Yogi Voice: The Lesson of Kammasaka
Recently we sent out a call for practitioners to send in their thoughts, reflections, stories, and anecdotes related to meditation in Myanmar or through Burmese lineages. We’re so happy to get our first submission from a foreign monastic with deep connections to Myanmar who has asked to remain anonymous. In this excerpt, they reflects on how they learned to use Dhamma lessons as a tool for dealing with conflict within the monastery confines. Although the nature of this type of conflict is only a small microcosm when compared to the sort of conflict now widespread in the country today, we hope it can provide some wisdom and inspiration to those struggling with far worse. Her emphasis of Kammasaka in no way excuses the inexcusable, nor gives the aggressor the right to carry on injustice, and indeed, they insist at the end of her essay that “we must speak, and we must act.” So when understood properly, understanding kammasaka empowers the person negatively impacted by the action to not be a victim rolling in pain and hurt, but rather to accept the reality of the event and respond with wisdom, knowing that we will be the owners of whatever action we choose to take in response. In Myanmar today, it can feel as if the range of skillful responses are narrowing by the day due to the aggression they are being faced with. With an appreciation for kammasaka, may we all be able to choose the right actions, uninfluenced by the wrongdoings of our aggressors.
Life in monasteries is complicated sometimes. We don’t choose our companions - and everyone is human, so conflicts can easily arise. But our task is to uncover whatever deep Dhamma is in there to be found. Burmese culture – and monastic culture in particular - revolves around that.
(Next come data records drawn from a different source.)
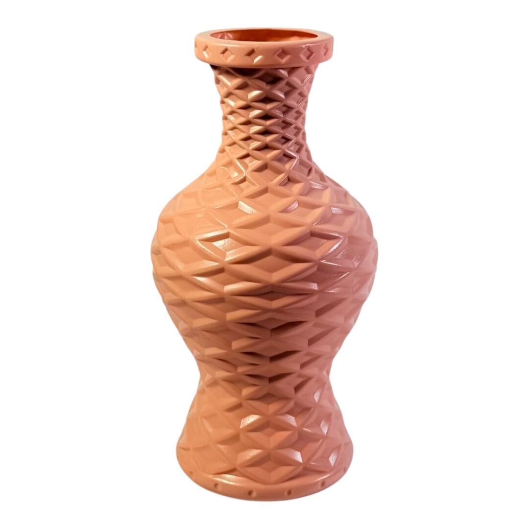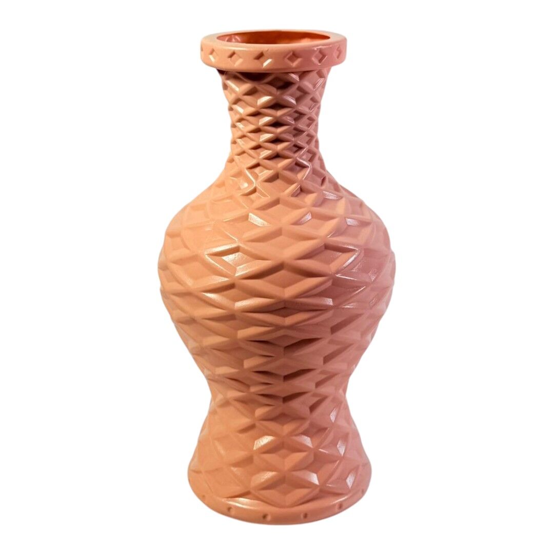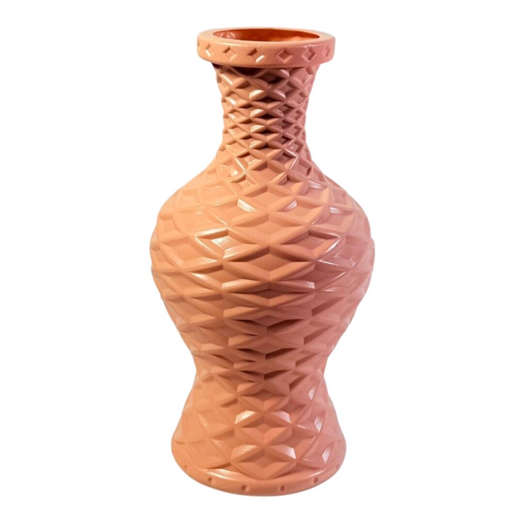 Această vază decorativă din plastic este destinată aranjamentelor florale și decorului interior. Forma de tip amforă și textura împletită oferă un aspect structurat și ordonat pentru orice spațiu.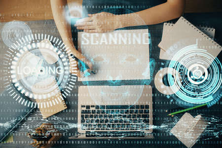 Double exposure of woman hands working on computer and data theme hologram drawing. Tech concept.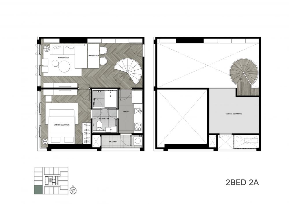 สำหรับห้องแบบ 2 ห้องนอนนี้ เปิดเข้ามาจะเจอกับห้องนั่งเล่นหน้ากว้าง และดูโปร่งโล่ง ไม่อึดอัดเลย สามารถอยู่เป็นครอบครัวได้อย่างสบายๆ มีพื้นที่กว้างพอสำหรับวางโซฟาขนาดใหญ่รวมถึงโต๊ะอาหารสำหรับ 4 คนและยังเหลือพื้นที่เดินอีกเพียบ บันไดเชื่อมต่อถึงห้องนอนเล็ก ในส่วนนี้มีกระจกเต็มบานให้ห้องดูโปร่งกว้างสามารถรับวิวใจกลางเมืองได้เต็มๆ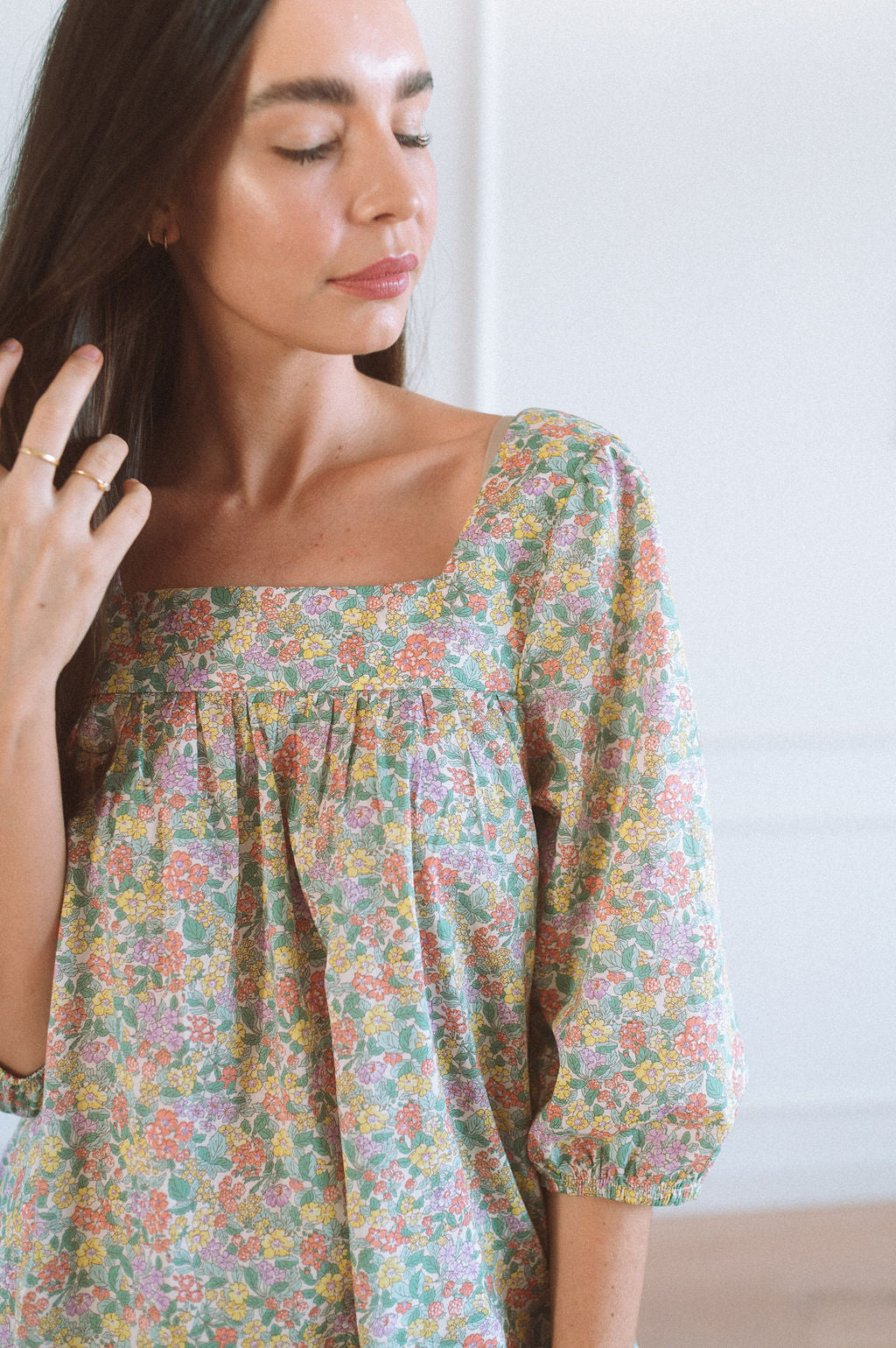 Our Josie dress, available for now in three new genuine Liberty printed fabrics. Based on the fit of our much loved Chloe dress with a square neckline, but now with an elbow length puff sleeve.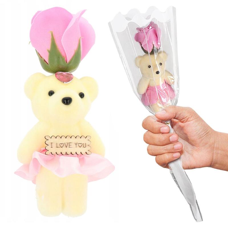 Мыльная роза на палочке с мишкой, с подсветкой, 45 см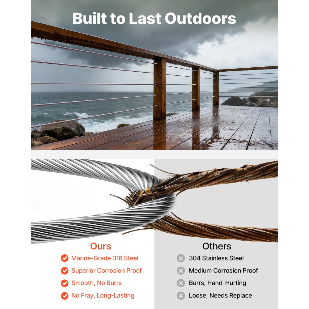 1/8 hüvelyk átmérő és 1760 font szakítószilárdság: Ez az acélkábel szilárd teherbírást biztosít korlátokhoz, kerítésekhez és függőlécekhez. A szerkezeteket stabilan tartja hosszú távú beltéren és kültéren egyaránt, mindennapi terhelés alatt.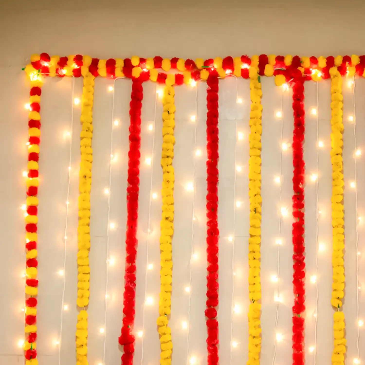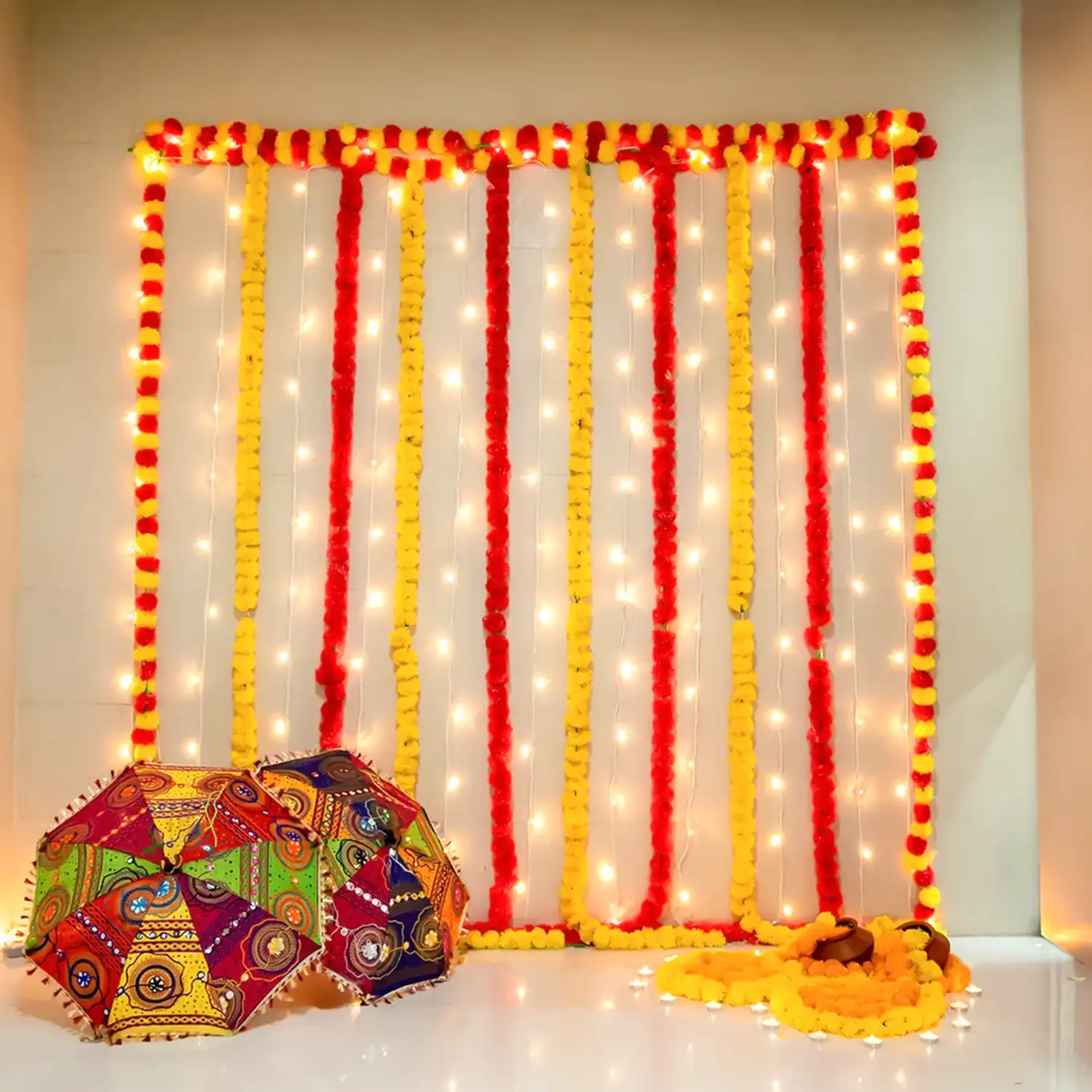 Colourful flower ring decoration with curtains, fairy lights and more.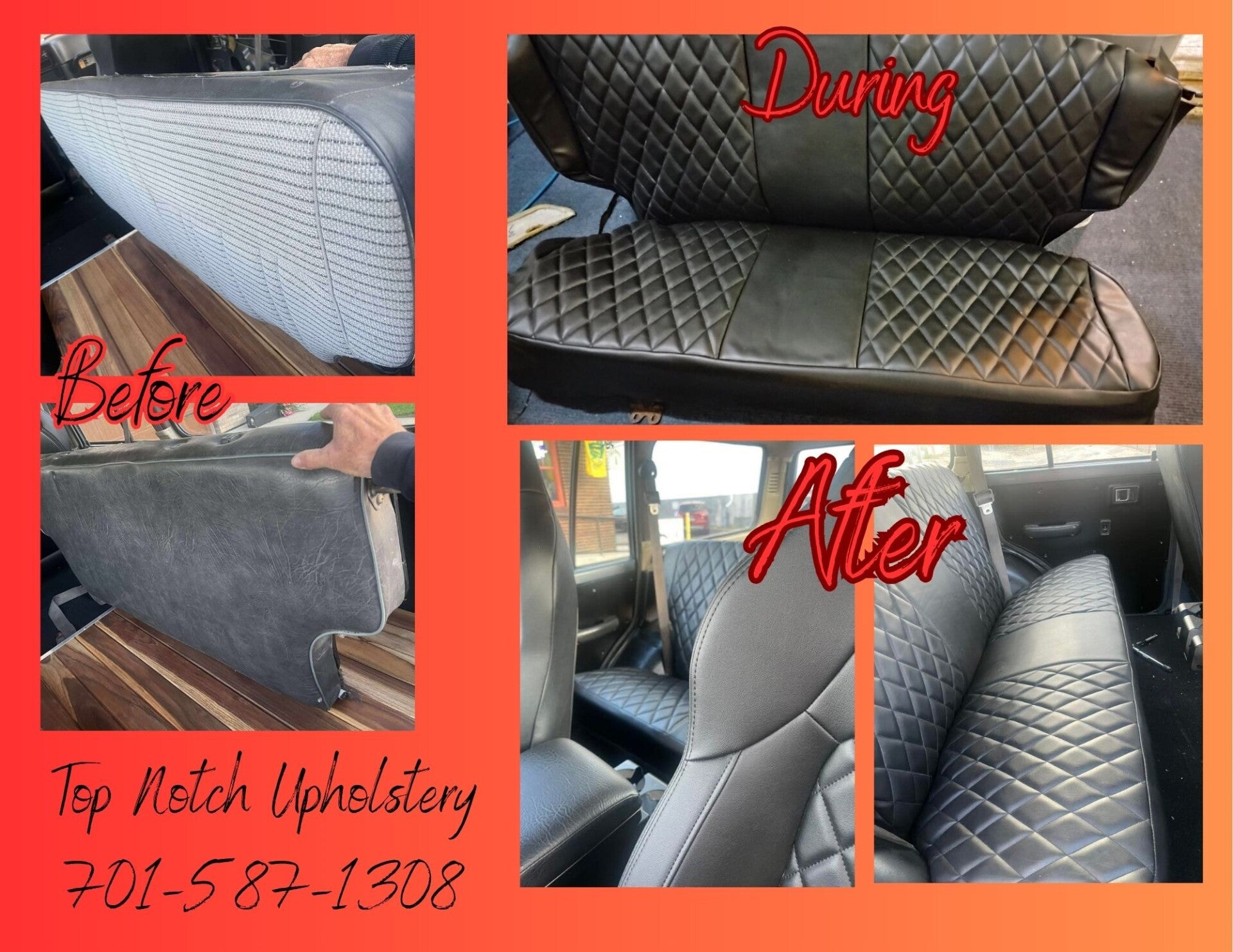 "I brought my car to Top Notch Upholstery to have the seats completely redone, and the results were outstanding. The craftsmanship is on a whole different level—clean stitching, perfect fit, and high-quality materials that look better than the original interior. They helped me choose the right fabric and color, kept me updated throughout the process, and finished right on schedule. My car honestly feels brand new again. If you need automotive upholstery done right, this is the place to go."

In the middle of a particularly nasty conflict, I learned one of the deepest Dhamma lessons I’ve ever learned, from just one word.
I had been wrongly accused of something, loudly and publically. It was intense – the experience was both mortifying and infuriating. So I went to Sayadaw to explain what had happened and to ask his advice.
Telling the story took several minutes, and as I told him the convoluted details I was hoping to get back an equal quantity of concrete advice. Instead, what came back was short and to the point.
“Kammasaka,” he said, “Do you understand?”
Kammasaka in Pāļi means simply ‘ownership if action.’ What we think, what we say, and what we do all have consequences that cannot be avoided. And Sayadaw’s question could be answered in many ways, touching multiple layers of experience: past and future, self and other. What had happened could not be changed. What was clearest in the moment was to ask myself what kamma did I want to create in response?
In a moment the Dhamma of that reflection cut through so many layers of pain and identification. Forget being a victim. Forget self-pity or simmering poisonous resentment. Forget getting everyone on ‘my side’ and winning a war. Mettā (for self and for the other person both) was the most important thing, and any action and speech I made needed to arise from that place.
And for the person making trouble – who knows why? – there could only be compassion. Because the consequences for them would not be good.
Since Sayadaw asked that short but deep question, the word has bubbled up countless times when faced with the complications of life in and out of the monastery. Someone throws rubbish on the ground by the Dhamma hall? Kammasaka. Someone is being self-centered and obtuse? Kammasaka. The world is on fire because of corruption and avarice? Kammasaka.
There is never a time when kammasaka is not true. No matter what. Even faced with horror, even when we are called to say or do difficult things. Intention is the seed of action and the engine that propels us into our individual and collective future.
Knowing that is both bracing and comforting. No matter what others do or say, it gives us a clear guidance about the general way forward, even if the specifics are foggy.
Kammasaka. We can’t undo what’s already happened, or what others choose to do or say. But we can know about ownership of action – and it is a blessing and a refuge. Because we must speak, and we must act. Seeing clearly means whatever we do or say in response to this complicated world will naturally be suffused with the kind well-wishing that is mettā. And no matter what, the consequences will be in accord with that, whatever they are.